The main advantages of our technique is that it is simple and can be done quickly and at a reduced cost. Furthermore, because there are fewer steps and manipulations involved, the lysis technique consistently results in a higher cell yield, usually close to 40% more cells. Additionally, the lysis technique yields a final preparation consisting mostly of single granulosa-luteal cells, whereas the Percoll technique contains many cell clusters. Having cells in association with adjoining cells makes it more difficult for counting and plating and has lead some (3,4) to add trypsinization and filtering steps to enrich for single granulosa-luteal cells.
Regardless of technique, one needs to remove any large (i.e. visible) blood clots from the follicular aspirates or the yield and purity will be compromised. With our technique it is also important not to exceed the volume of 0.5 mL of cell slurry at the start of the lysis step. If one does this, not all of the RBCs will be removed and the resulting cultures will require more media changes to wash away this debris.
In working with granulosa-luteal cell cultures, one must contend with a modest amount of cell contamination, as absolutely pure preparations are unobtainable (9).
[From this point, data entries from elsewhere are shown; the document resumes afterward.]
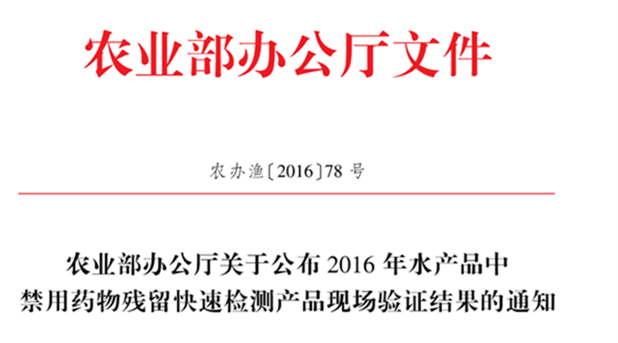 農業部于2016年12月8日發布(bu)了農漁辦[2016]78號文件,公(gong)布(bu)了硝基(ji)呋喃類代謝物快檢(jian)(jian)產(chan)品(pin)的現(xian)場驗(yan)證(zheng)結果。參照評價標(biao)準,我司(si)參與驗(yan)證(zheng)的呋喃它酮代謝物快速(su)檢(jian)(jian)測(ce)卡等4種快檢(jian)(jian)產(chan)品(pin)均符合要求(qiu)。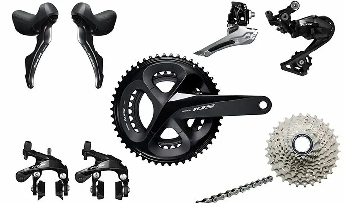 Comme à l’accoutumée, les technologies développées sur les groupes haut de gamme (Dura-Ace et Ultegra), sont transposées sur le 105. Restent les matériaux employés pour certaines pièces, moins nobles (pas de titane par exemple), ce qui occasionne une légère hausse du poids. Le but est bien évidemment de faire baisser la facture, sans compromettre les performances.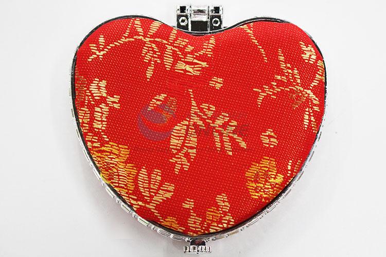Decorative Red Mini Heart-shaped Silk Fabrics Cosmetic Mirror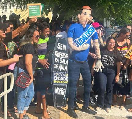 mostrar à população que o prefeito Allyson mente quando diz que honra o piso salarial da categoria. “Judallyson” foi símbolo da última greve dos professores, em maio.

Granulosa-luteal cell cultures prepared by either of the methods discussed contain a small percentage of other nucleated cells such as leukocytes and resident ovarian macrophages. Although density gradient centrifugation with Percoll or Ficoll does not remove leukocytes from the follicular cells (4,9) it has however become the accepted norm or the standard preparation in this area of research. Loukides et al. (14) have shown that resident macrophages and monocytes comprise 5–15% of follicular tissue cells. This proportion remains constant in the corpus luteum, so that maintaining some of these cells in the cultures would actually be more reflective of the luteal environment. Similarly, Beckmann et al. (9) have shown that adding back extra lymphocytes to granulosa-luteal cell cultures does not alter progesterone production by the cells.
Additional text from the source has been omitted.